**Exercise**: Output, exactly as written, the lines below from the one that has "NOTE: Partially drain" through the one that has "お腹も落ち着いたところで、お"; nothing else, and no pictures.

**Stored data**:
----------------------------------------

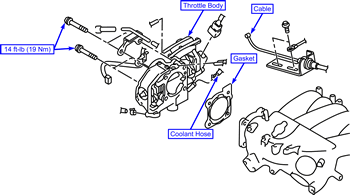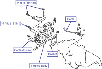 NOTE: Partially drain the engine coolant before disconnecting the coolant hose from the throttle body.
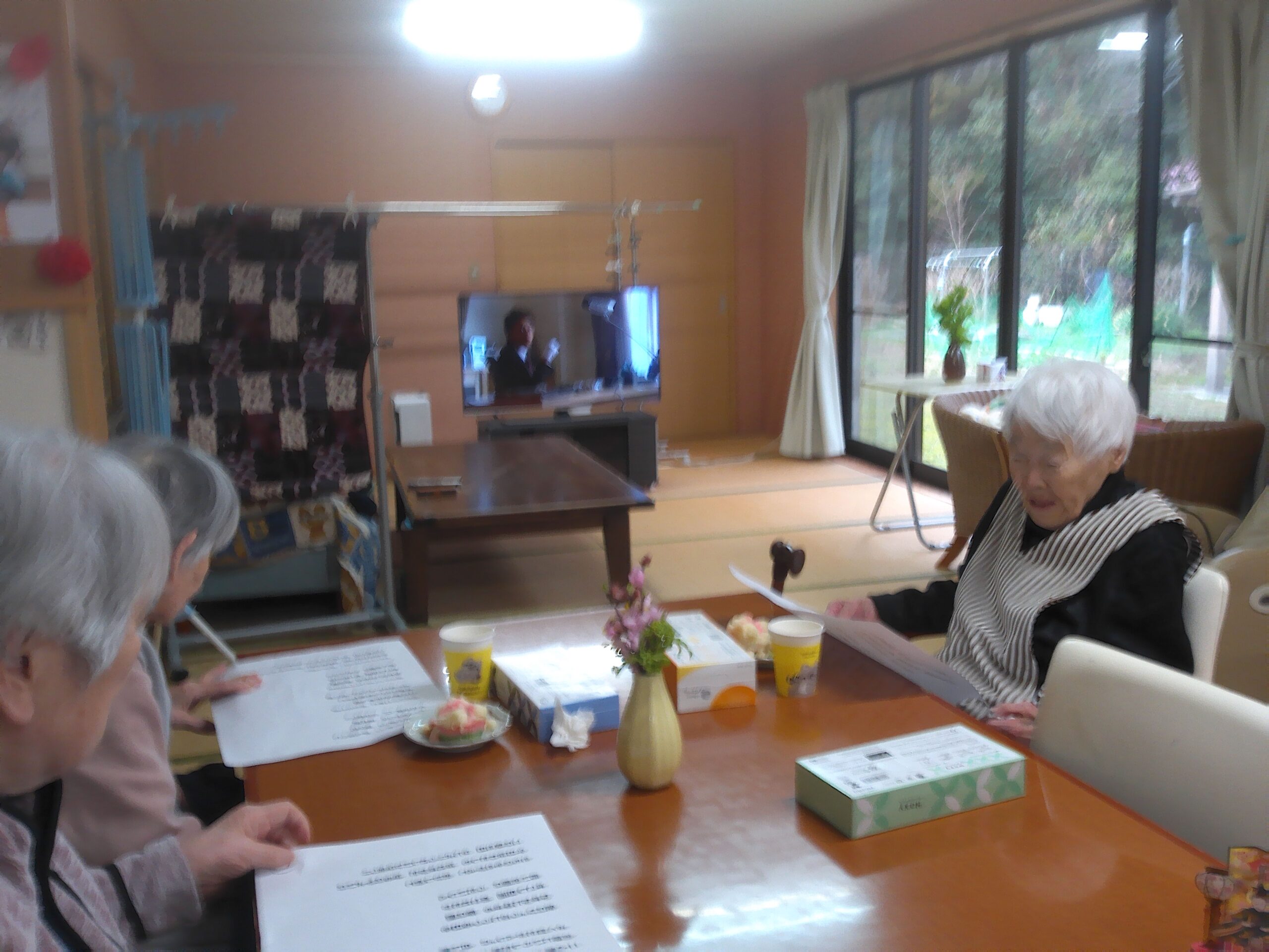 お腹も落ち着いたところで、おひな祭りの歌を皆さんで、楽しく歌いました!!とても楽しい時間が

----------------------------------------

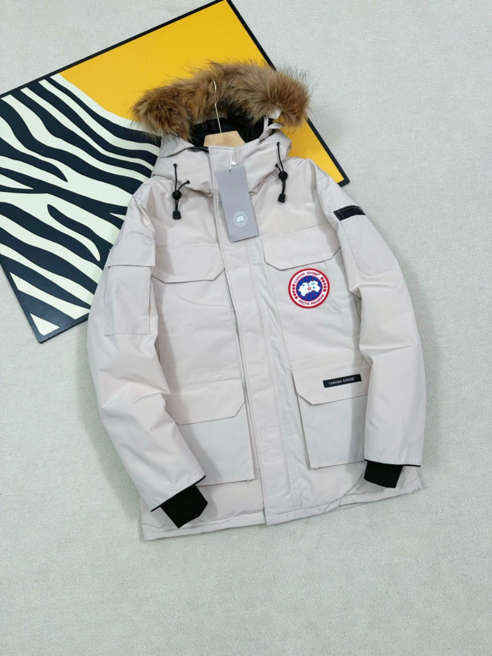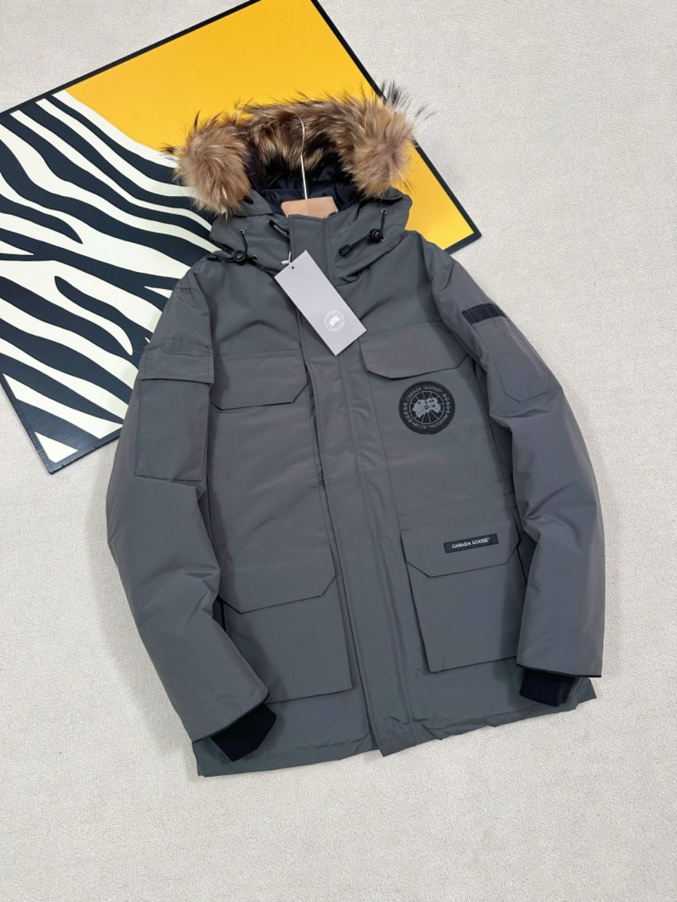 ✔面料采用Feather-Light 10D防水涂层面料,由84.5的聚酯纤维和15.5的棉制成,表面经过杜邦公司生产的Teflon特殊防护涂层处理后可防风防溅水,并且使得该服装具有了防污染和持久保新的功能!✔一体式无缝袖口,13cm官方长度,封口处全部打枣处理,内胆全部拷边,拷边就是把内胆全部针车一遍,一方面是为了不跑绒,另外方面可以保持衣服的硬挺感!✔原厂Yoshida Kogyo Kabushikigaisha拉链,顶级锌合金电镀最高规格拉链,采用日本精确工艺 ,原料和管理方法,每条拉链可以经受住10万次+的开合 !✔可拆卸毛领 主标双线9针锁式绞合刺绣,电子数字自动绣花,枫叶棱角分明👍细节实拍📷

----------------------------------------

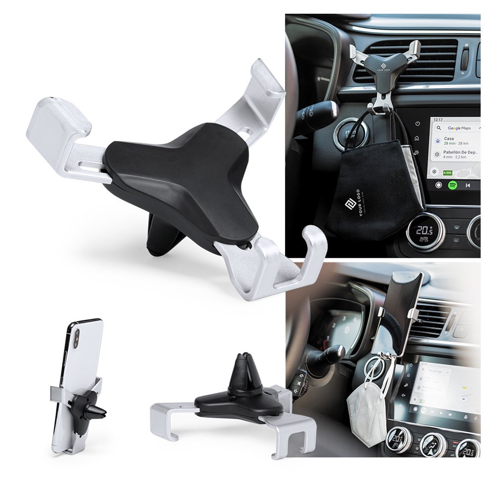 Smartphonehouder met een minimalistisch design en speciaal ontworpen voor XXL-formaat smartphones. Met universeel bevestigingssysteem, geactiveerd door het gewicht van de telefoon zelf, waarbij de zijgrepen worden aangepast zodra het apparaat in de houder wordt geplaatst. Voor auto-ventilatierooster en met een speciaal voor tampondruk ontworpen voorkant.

----------------------------------------

**Response area**:
 NOTE: Partially drain the engine coolant before disconnecting the coolant hose from the throttle body.
 お腹も落ち着いたところで、おひな祭りの歌を皆さんで、楽しく歌いました!!とても楽しい時間が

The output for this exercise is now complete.